PROVIDED DATA section start

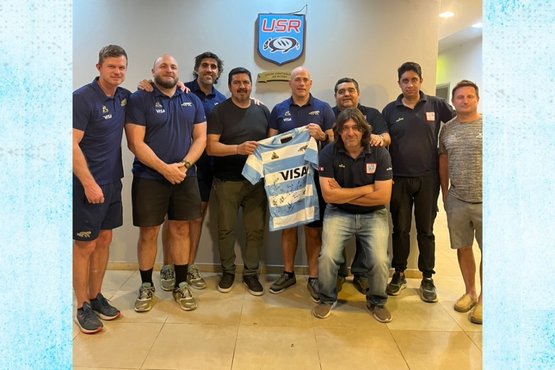 Felipe Contepomi, acompañado por su cuerpo técnico comouesto por Juan Martín Fernández Lobbe, Andrés Bordoy, Juan Covassi, Andrés Charadía, hicieron entrega de una camiseta firmada por los jugadores del seleccionado nacional, mientras que los integrantes de la USR le obsequiaron a los ilustres visitantes la camiseta del seleccionado santiagueño.
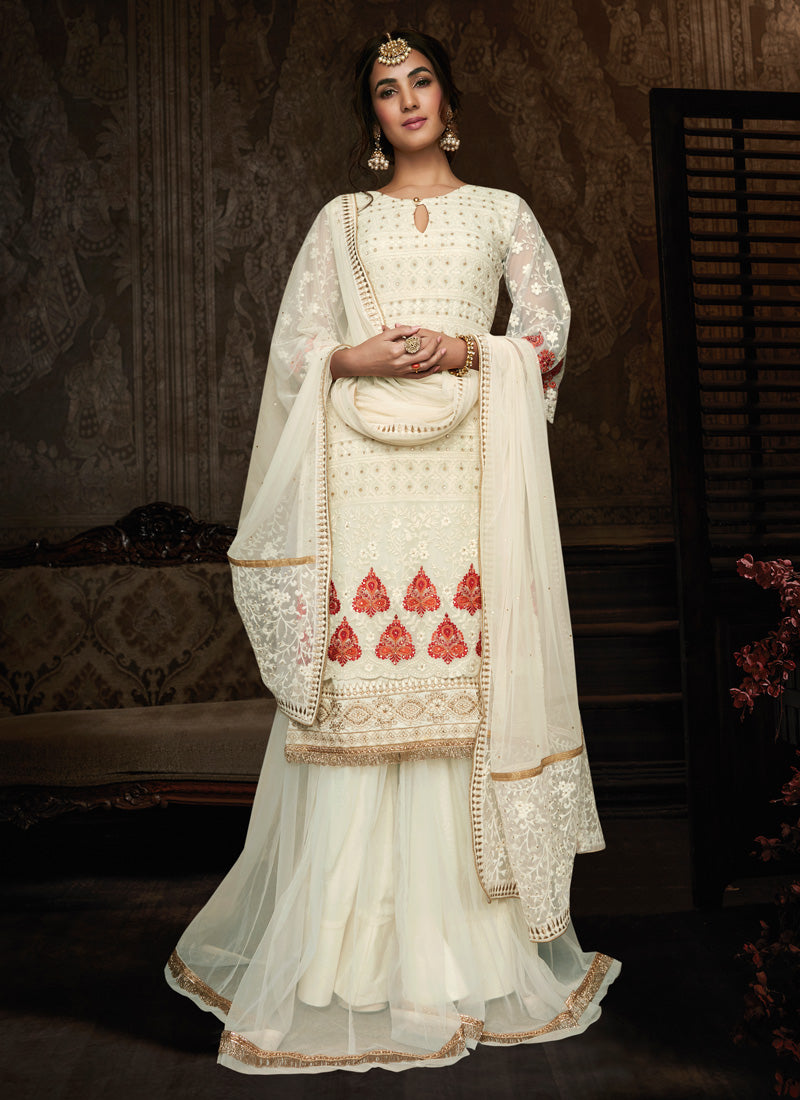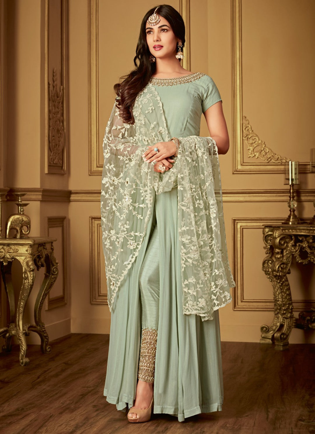 Areesh – Teal Net Embroidered Shalwar Kameez with Satin Trousers – 3 Pcs
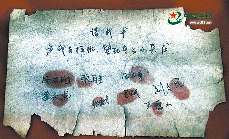 在第31集團(tuán)軍某團(tuán)一營(yíng)一連榮譽(yù)室里,一張印滿“黨員突擊隊(duì)”紅手印的請(qǐng)戰(zhàn)書(shū)格外醒目。這是該連1948年參加淮海戰(zhàn)役小宋莊戰(zhàn)斗的8名黨員留下來(lái)的。
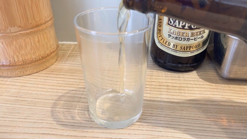 ここは小瓶といえば「サッポロ黒生」。このブランドは、個人的には苦味と爽快感のバランスがよく、他のキリン・アサヒよりちょっぴり上品さを感じてる私です。バランス良いと感じているので、比較的料理と合うと勝手に思い込んで・・・何十年も飲み続けております。赤星にはない、ちょいとライトに飲める味わいも素敵。飲み過ぎて腹パンにならない小瓶サイズの334mlってのが丁度いいね。

PROVIDED DATA section end

WHAT IS BEING ASKED - In the printed copy, the material above must appear unchanged and without its pictures.

REPLY -
 Felipe Contepomi, acompañado por su cuerpo técnico comouesto por Juan Martín Fernández Lobbe, Andrés Bordoy, Juan Covassi, Andrés Charadía, hicieron entrega de una camiseta firmada por los jugadores del seleccionado nacional, mientras que los integrantes de la USR le obsequiaron a los ilustres visitantes la camiseta del seleccionado santiagueño.
 Areesh – Teal Net Embroidered Shalwar Kameez with Satin Trousers – 3 Pcs
 在第31集團(tuán)軍某團(tuán)一營(yíng)一連榮譽(yù)室里,一張印滿“黨員突擊隊(duì)”紅手印的請(qǐng)戰(zhàn)書(shū)格外醒目。這是該連1948年參加淮海戰(zhàn)役小宋莊戰(zhàn)斗的8名黨員留下來(lái)的。
 ここは小瓶といえば「サッポロ黒生」。このブランドは、個人的には苦味と爽快感のバランスがよく、他のキリン・アサヒよりちょっぴり上品さを感じてる私です。バランス良いと感じているので、比較的料理と合うと勝手に思い込んで・・・何十年も飲み続けております。赤星にはない、ちょいとライトに飲める味わいも素敵。飲み過ぎて腹パンにならない小瓶サイズの334mlってのが丁度いいね。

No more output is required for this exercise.